Treatment of a EU Directive
This book with contributions from Ecologic analyses the implementation of the Urban Waste Water Treatment Directive in several EU Member States. The compliance of the Directive, its technological impacts and national policies are crucial to the comparative study.
This book about the implementation of the Urban Waste Water Treatment Directive is based on the Technology and Environmental Policy (TEP) research project for the Fourth Framework Programme of DG XII of the European Commission which analyses the implementation of three EU environmental Directives and the compliance responses. The directives studied in the TEP project are: the Air Framework Directive (84/360/EEC) in France, Italy and the UK; the Packaging and Packaging Waste Directive (94/62/EC) and the Urban Waste Water Treatment Directive (91/271/EEC) in Germany, the Netherlands, Spain and the UK and national paper and pulp policies in Finland, Sweden and France.

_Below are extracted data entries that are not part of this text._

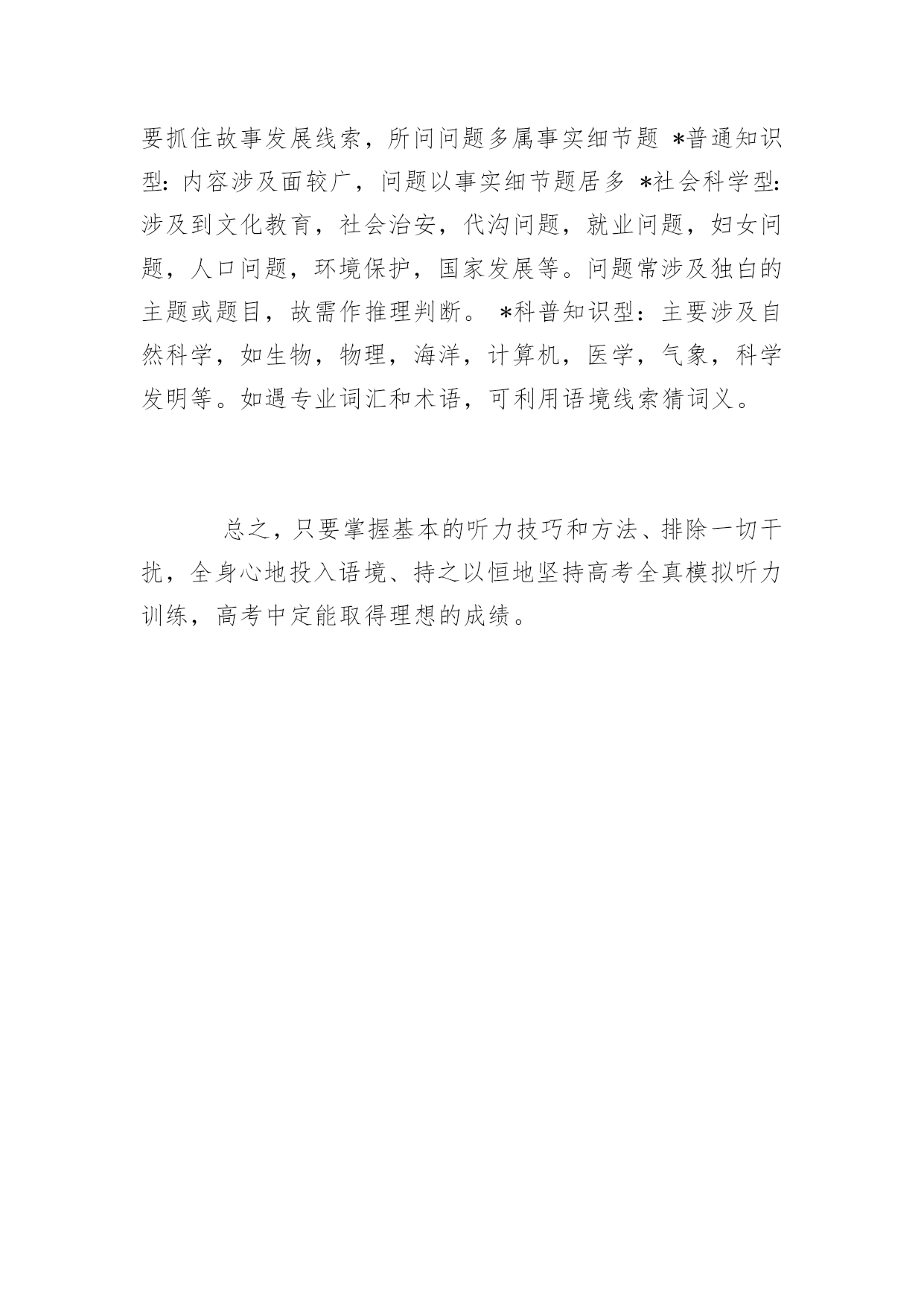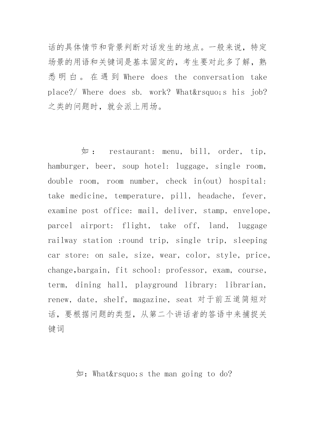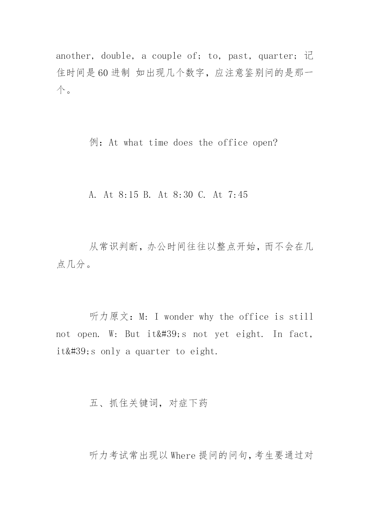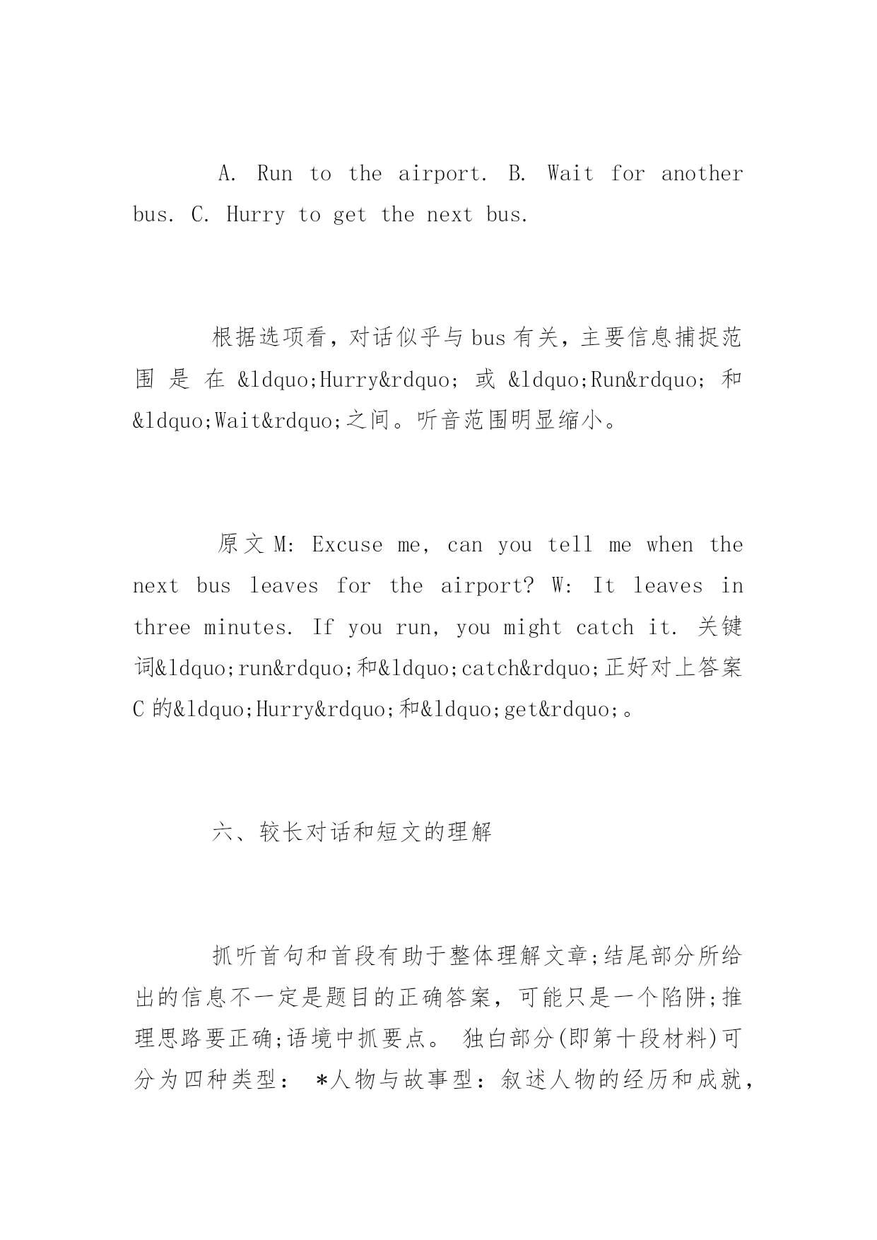 高考英语听力技巧高考英语听力技巧英语的听、说、读、写四项基本技能,听力首当其冲,在高考英语试卷中“首发”出场,地位可谓炙手可热。为了帮助大家备考,小编分享了一些高考英语听力技巧,欢迎阅读!一、果断选题,学会放弃相信第一感觉,当机立断,决不能反反复复,甚至影响后面的答题,切记不可因某个小题未听懂而患得患失,不可因一题失多题,造成一步跟不上,步步皆踏空的结果。二、学会预测预测是在做听力理解之前根据各种暗示,如所给答案选项,段落或对话标题等已有知识,对即将听到的段落或对话内容进行预测。1.从答案选项中预测:Q:WhatdoesTomdo?A.He’satruckdriver.B.He’sashipcaptain.C.He’sapilot.录音原文:W:TomflewtoAnchoragelastnight,thentooksomepassengersfromtheretoDallas.M:Yeah,buthecouldn'tlandbecausetheairportinDallaswassnowedin.从选项看,问题应是关于职业方面的,再从flew,passengers,airport这些信息词中可知道Tom的职业。2.从说话人口气预测:在A,B两人的对话中,如果B是附和或赞成,往往说“Yes”,“Iagree”,“Sure”,“Ithinkso”等。但如A用否定句,B表同意时则用“No”,“Neither/Nor?”等。例如:A:Harveydoesn'tseemtofitintothisclass.B:No,heisreallyafishoutofwater.三、做简要笔记听录音时快速,准确,简要地记下有关信息(包括数字,人名,地名,关键词),前提是不要影响跟听速度,采用自己习惯的符号。例:Howmuchwillthemanpayforthetickets?A.$18B.$24C.$30原文:W:Ticketsforthemovieare$6foradults,halfpriceforchildren.M:Allright,I’dlikethreeticketsforadultsandtwoticketsforchildren,please.笔记可简化为:$6A(A代表adult),C代表children,3A+2C或6A(3)+halfC(2)四、听清数据,简要记录,加以运算。在获取时间信息时,不要误把会话中提到的时间简单确定为问题的答案。高考听力考查时间时往往要进行简单的时间换算。AtwhattimedoesthetraintoLeedsleave?A.3:00B.3:15C.5:00录音原文:W:Excuseme,couldyoutellmewhenthenexttraintoManchesteris?M:Sure.Well,it's3now.ThenexttraintoManchesterleavesin2hours,butyoucantakethetraintoLeedswhichleavesin15minutes,andthengetoffatManchesterontheway.对话中提到了三个时间It's3now,in2hours,in15minutes.现在是3点,开往Manchester的`火车要两小时后才开,即ThetraintoManchesterleavesin2hours。若简单机械地把3点和2点相加,会得出火车5点才开的错误选项C。数字类问题分辨别类和计算类两种:1.要注意区分-teen和-ty及four和five的发音;辨别多位数,如电话号码,门牌等2.计算时间,钱款,距离,年龄,人或物的数量等;听出数字间的关系,更要听清问题,因为对运算方法的要求通常寓于问题中;注意more,less,asmuch(many)as,another,double,acoupleof;to,past,quarter;记住时间是60进制如出现几个数字,应注意鉴别问的是那一个。例:Atwhattimedoestheofficeopen?A.At8:15B.At8:30C.At7:45从常识判断,办公时间往往以整点开始,而不会在几点几分。听力原文:M:Iwonderwhytheofficeisstillnotopen.W:Butit'snotyeteight.Infact,it'sonlyaquar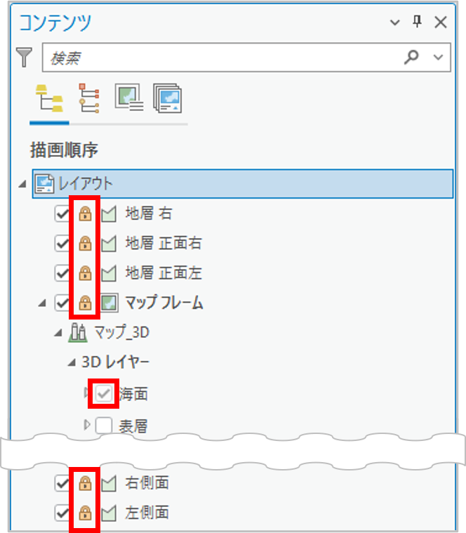 - [海面] レイヤーが非表示になっている場合は、[コンテンツ] ウィンドウでチェックボックスをクリックして表示します。また、誤操作によってレイアウトが崩れないように鍵マークをクリックし、作成済みのすべてのコンテンツをロックします。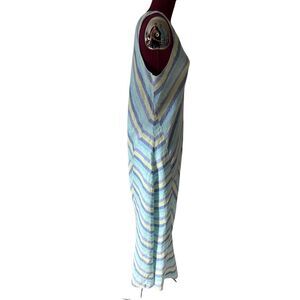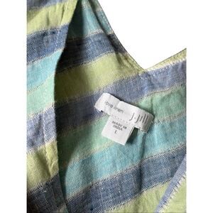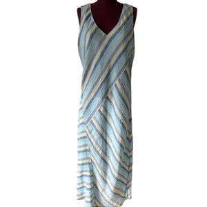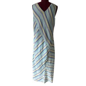 J Jill Love Linen Lotus Maxi Dress size L Striped Blue Green Lined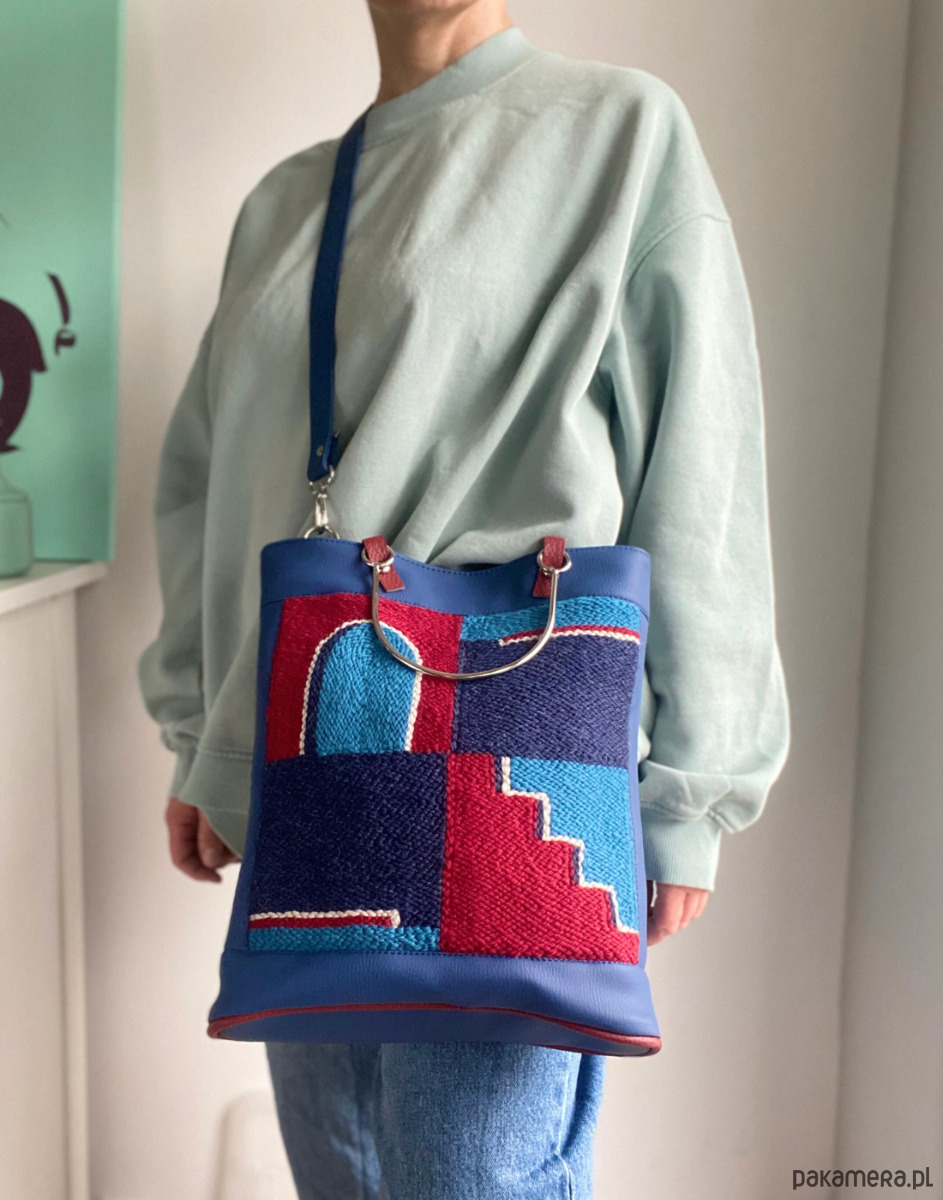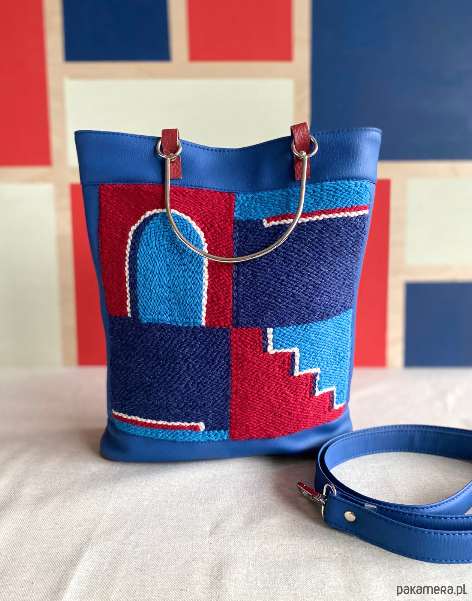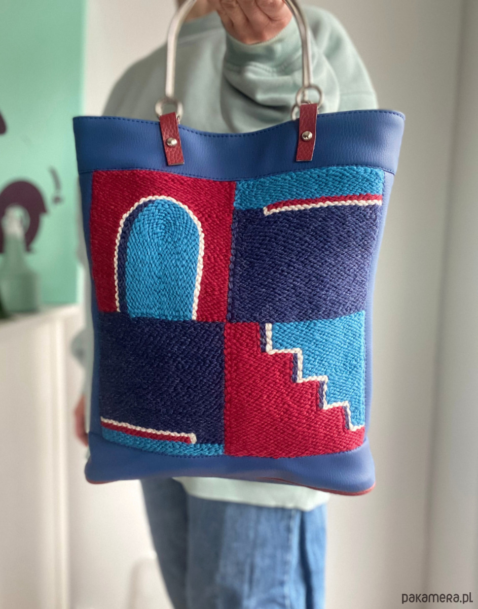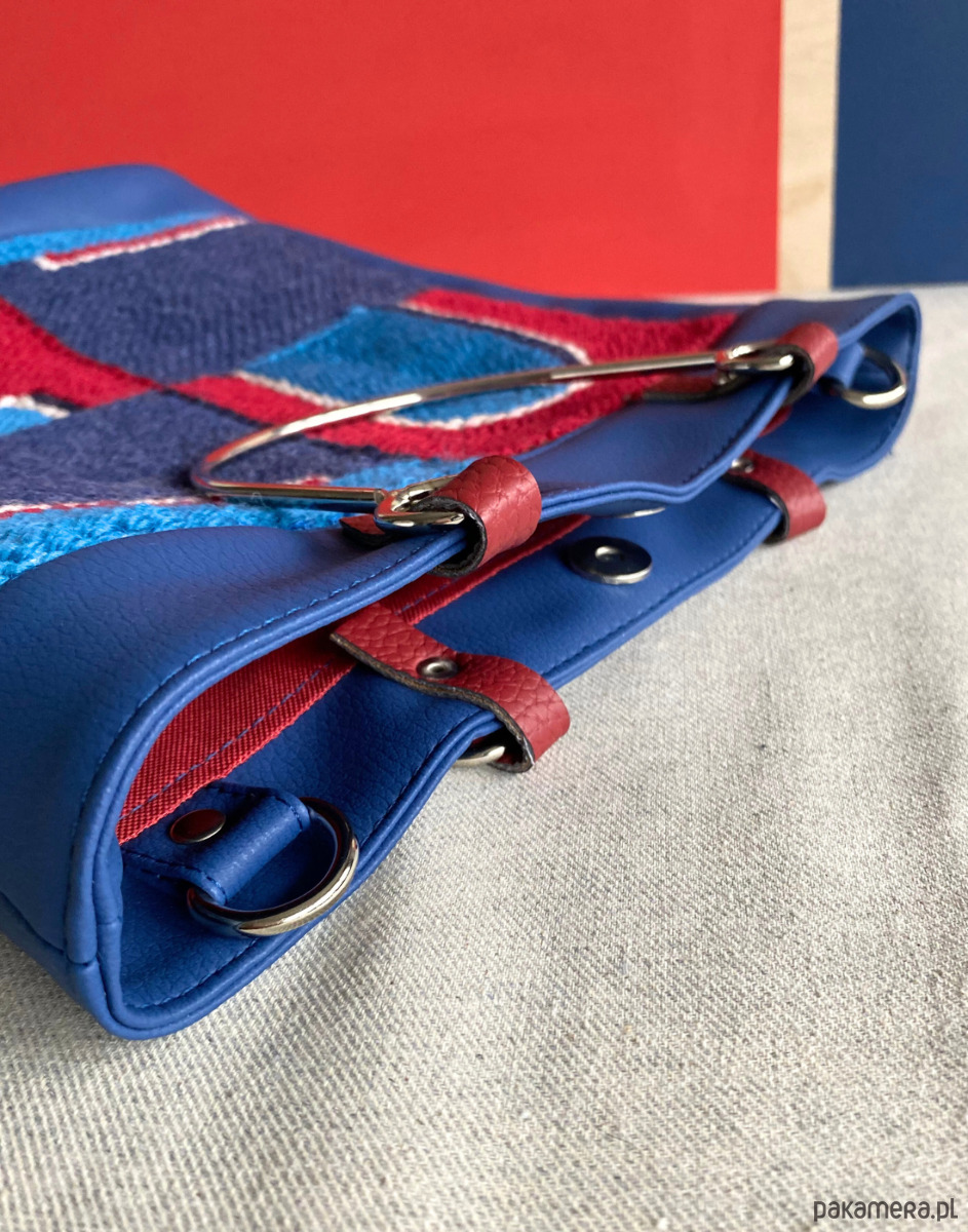 - materiały - haft: wełna, len, torebka: ekoskóra, poliester wodoodporny, metal

The principal objectives of this collaborative project are:
- To assess the technological impact of existing Directives and national policies of the activities controlled by the Directive, and to compare the outputs from the implementation of these Directives and national policies with the stated objectives of the Directives;
- To understand how the institutional framework and organisational networks, in Member States, interact during the implementation of EU Directives down to the site-level;
- To establish the link between these implementation processes and the technological impact of the Directive and national policies; and
- To recommend good implementation practice and how future Directives might be drafted in a way which improves their effectiveness and efficiency with respect to promoting cleaner technologies.
The study of the Urban Waste Water Directive came to the conclusion that whilst there is much criticism of rigid Directives, leading to a call for flexible Directives and the devolution of regulatory powers to the level of Member States, it also found that in a number of instances decentralised actors failed to make the right choices from a Member State point of view. This suggests that the devolution of power in the name of subsidiarity should be complemented by mechanisms of knowledge dissemination, for dealing with the blindness of actors to alternative technological and organisational solutions.
The authors put forth the hope that the new Water framework Directive will promote better choices but that this will depend on the information dissemination mechanism and institutional reforms in the water sector.